Back in the 70s when I was a child, it was truly a rare occurrence
to dine out. About twice a year on special occasions my mom would take my
sister and me to Joy Teang, our local Chinese joint on Ralph Avenue. It was a
darkly lit white tablecloth establishment with lots of oriental décor. As we
tucked into our egg rolls, spare ribs and Lobster Cantonese I felt like I had
been transported to a foreign land. But one night we had a different kind of
adventure when we witnessed a hold-up. An armed, masked man came in and
demanded the cash from the till. We all watched as he dashed out as quickly as
he had appeared. A few moments later the police arrived. We never moved. It was
just more entertainment and we devoured our meal.

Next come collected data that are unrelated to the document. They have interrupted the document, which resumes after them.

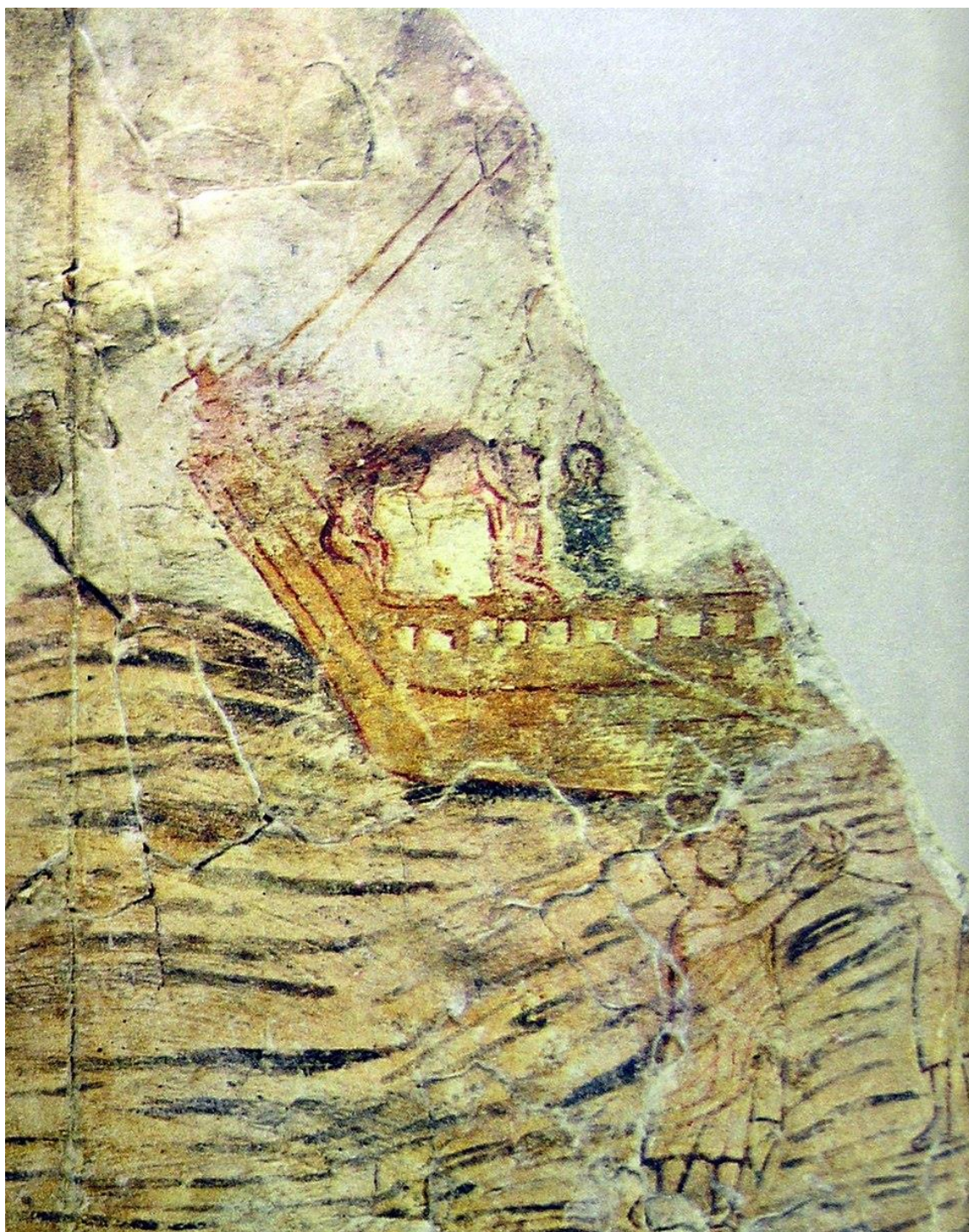
Рис.4.Стінепис у баптистерії, що відображає християнські дивотвори незалежно від юдейського контексту єврейських пророків. 242
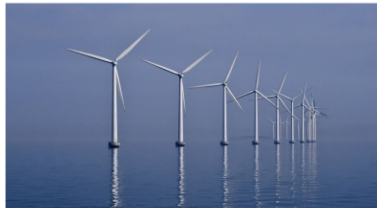
La mappa del futuro parco eolico

positività del parere del Mase, sarà necessario attendere il parere del Ministero dei beni culturali (teoricamente dovrebbe giungere entro 20 giorni) e nel caso sia positivo sarà riconosciuta l'autorizzazione principe, ossia la Via: «La transizione energetica del paese non può non passare dalla Romagna e dal porto di Ravenna. Qui si è fatta la sto-
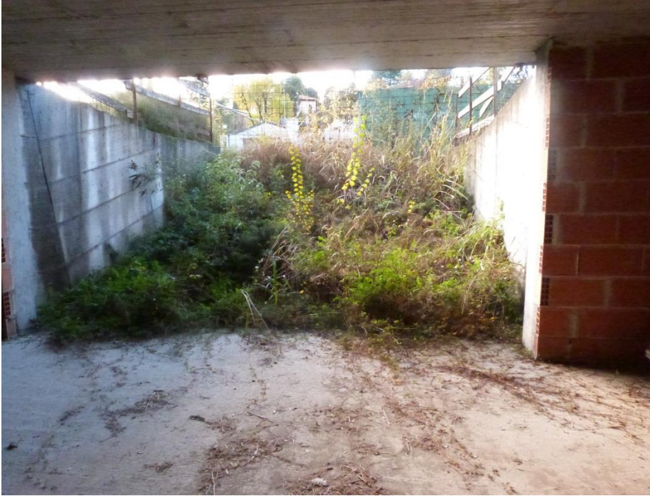
5 Ingresso vani garage.
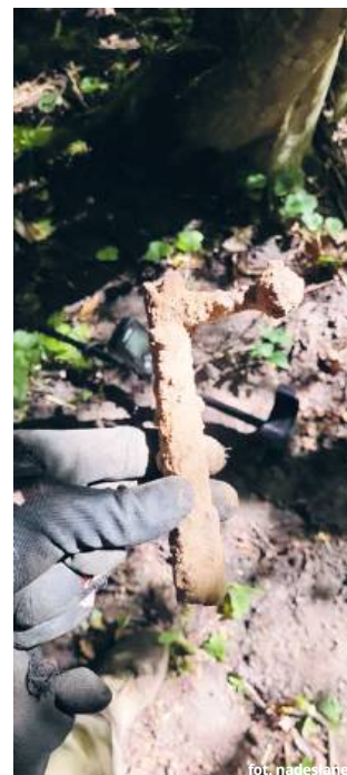
Zamek pochodzi najprawdopodobniej z karabinu Mauser wz. 1898
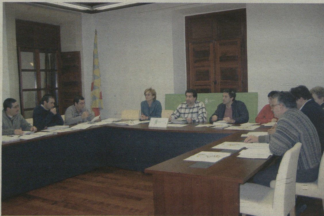
Dokumentuen berretiketatzak lanak amaitu arte mailegu sistema etentzea dakar.

Eskoriatzan egingo diren inbertsio handienak hiru dira: alde batetik, Santa Ana urbanizazioa egiteko milioi bat euro bideratuko dute; bestetik, Dorleta auzoa birgaituko dute Izartu programak emandako diruari esker, eta hainbat lokal egokitu.
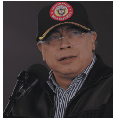
Gustavo Petro, presidente de la República.

A través de su cuenta en X, el jefe de Estado
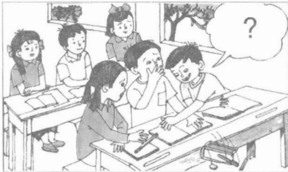
Tranh 2 : Hưng sợ ý làm rơi hộp bút của bạn.
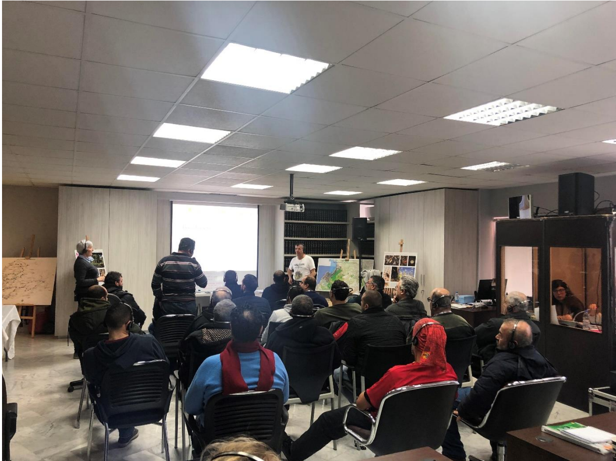
Ateliers d'échange sur l'apiculture au siège de la Fédération avec les apiculteurs du kesrouan-Ftouh

En 2019, trois autres études stratégiques ont été développées à travers le programme de stage de trois binômes d'étudiants grâce aux réseautages des deux collectivités sur leurs territoires. Cette année l'Université de Saint-Esprit de Kaslik a été aussi engagée par l'appel au stage au sein de la Fédération avec deux stagiaires sollicités par le Département des Yvelines pour s'installer à Jounieh pour une période de six mois afin d'effectuer trois études avec leurs partenaires libanais.
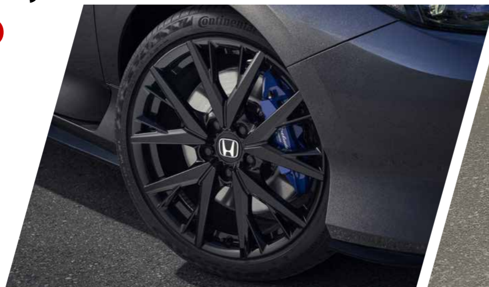
JANTES DE LIGA LEVE DE 19"
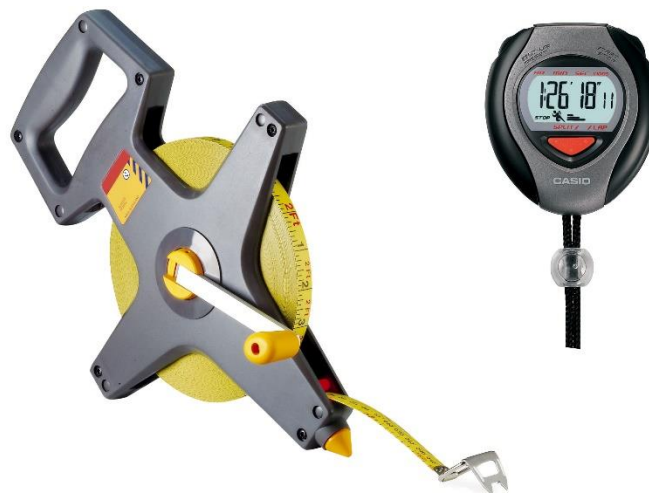
Slika 6. Mjerni uređaji

Radna brzina utvrđena je mjerenjem vremena koje je bilo potrebno da uređaj prijeđe put od 30 metara. Udaljenost od 30 metara izmjerena je mjernim lancem, a vrijeme digitalnim zapornim satom. Na slici 6. prikazana je oprema kojom je izvršeno mjerenje udaljenosti i vremena.
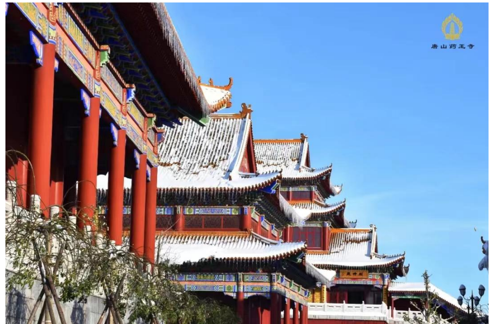
王打刁村大藥王寺
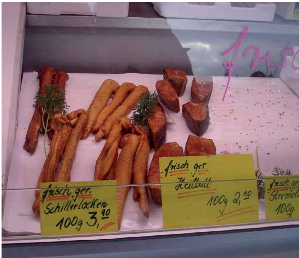
Figura 5. Schillerlocken en el Mercado de Pescado de Hamburgo, Alemania.

El valor de la carne de tiburón varía considerablemente entre las diferentes especies y mercados. Según datos de FAO, el kilo de carne de tiburón congelada tiene un precio de alrededor de 1 dólar estadounidense y el de la carne fresca se eleva a 5,50 dólares estadounidenses (Josupeit 2008). Pero hay varios casos específicos que vale la pena mencionar. Un estudio de mercado concluyó que la carne congelada de mielga Squalus acanthias vendida por el Reino Unido a Italia era la más cara, a 9.91 dólares estadounidenses el kilo (Vanuccini 1999).
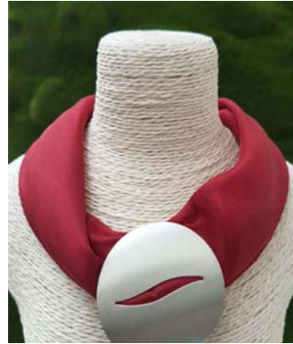
längenverstellbar durch Knoten 29,90 €
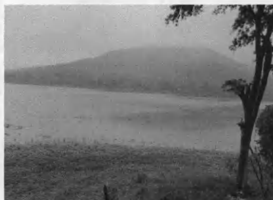
Volcán Las Víboras

El área protegida El Volcán Las Víboras, se identifica con el código SIGAP 50 y categoría de manejo como: Zona de Veda, declarada en el año 1956. El volcán Las Víboras está ubicado en los municipios de Atescatempa y Asunción Mita del Departamento de Jutiapa y se encuentra localizada entre las coordenadas Lat. 14° 12' 49" N y Long. 89° 43' 33" O además al pie de este importante volcán se localiza la laguna de Atescatempa, principal cuerpo de agua del municipio.
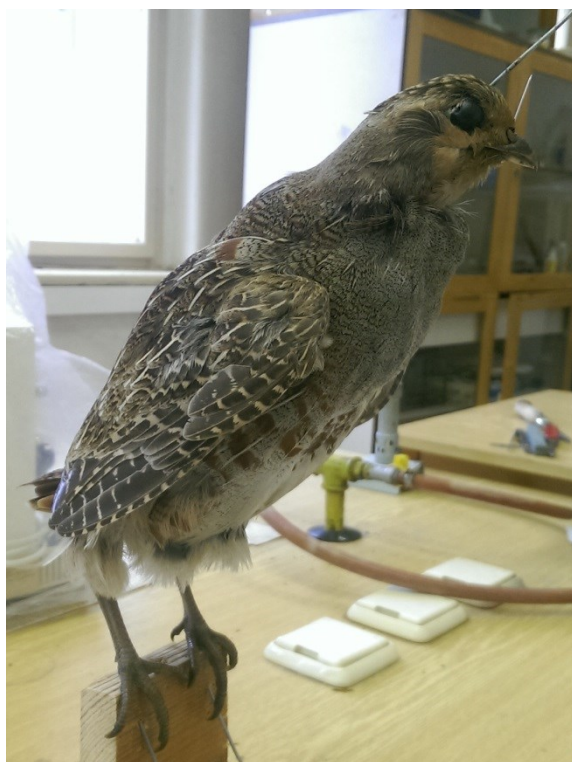
Obrázek 34: koroptev polní
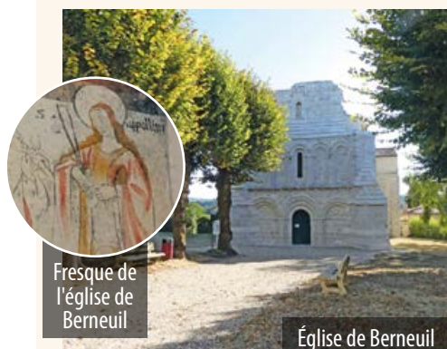
Église de Berneuil
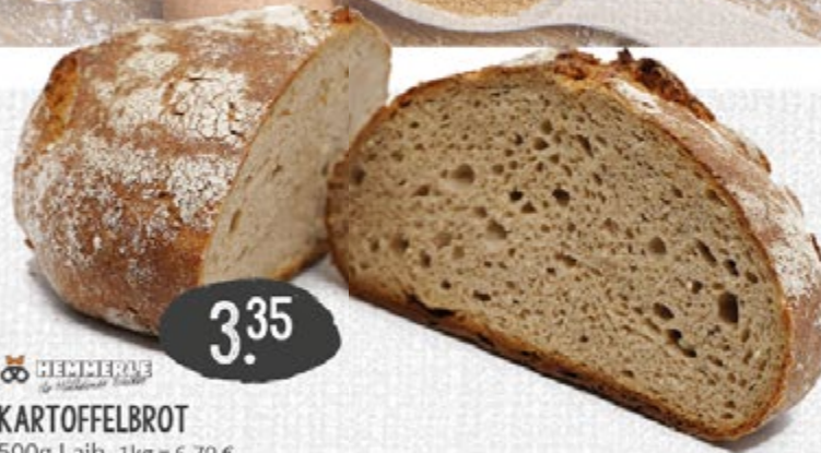
KARTOFFELBROT 500g Laib, 1kg = 6,70 €
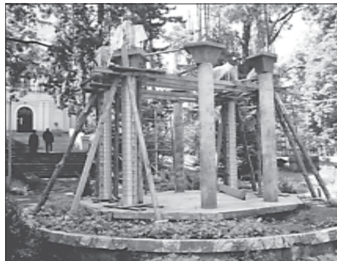
Изграждане на фиала пред централната сграда на Семинарията

Отскоро, в парка на Софийската духовна семинария, пред главния вход на централното семинарско здание, с бързи темпове се съгражда осмоколонна куполна фиала. Думата фиала има гръцки произход и оз-
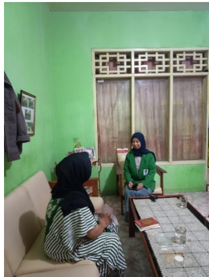
Gambar III. Anggota Arisan
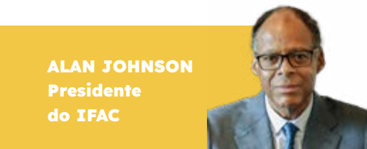
ALAN JOHNSON Presidente do IFAC

Deputado do Parlamento Europeu desde 2009, onde integra o Grupo do Partido Popular Europeu (PPE) e Presidente honorário da ACES Europe - Federação Europeia das Cidades e Capitais de Desporto. Autor de várias publicações como: "Sem Fronteiras — programas disponíveis para jovens"; "Fundos Europeus 2014-2020 Manual do Autarca"; "Pela Nossa Terra"
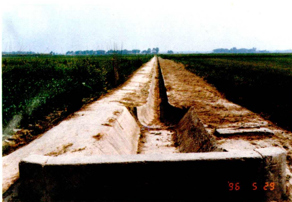
区委、区政府决定每年投入数百万财政资金用于农田水利基本建设，以改善农业生产条件，这是汉城乡高庙村修建的U型渠道的一部分
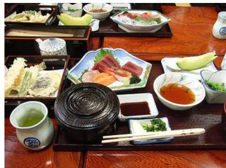
By : breeze
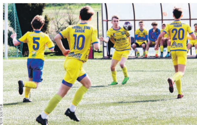
Juniorzy młodsi Ekoballu wygrali obydwa mecze, i to wysoko
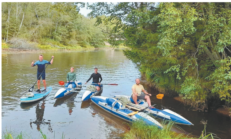
У «Ювенты» и «Формулы воды» на этот летний сезон большие планы для занятий с детьми
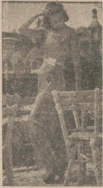
Un lindo conjunto vienes para campo y playa

El otro día pude contemplar en casa de uno de los mejores y más afamados modistos la feminidad encantadora de los vestidos de chaqueta y abrigos de entretiempo, que vienen a desentonar de la sequedad de los abrigos del invierno que acabamos de terminar.
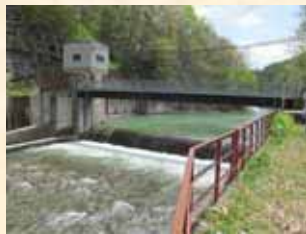
ダムの水は尾花沢市、大石田町の広い範囲に行き渡る。 (写真：鶴子頭首工)

Meanwhile, somewhere on the upper east side of Manhattan, my
bachelor dad was spending most of his lunches and dinners rubbing elbows with
the glitterati in the finest restaurants of the day. In fact, for decades, his caricature
adorned the walls of the original Palm.
Weekends with my father meant trying some new kind of food.
This thrilled me and horrified the less adventurous palette of my sister. One
week it was raw squid in the city’s first Japanese restaurant. The next time it
was a sampler platter of tacos, enchiladas, chile relleno and refried beans
during my first Mexican experience. And in the summer we’d drive out to
Sheepshead Bay and sample dozens and dozens of clams and oysters at Lundy’s.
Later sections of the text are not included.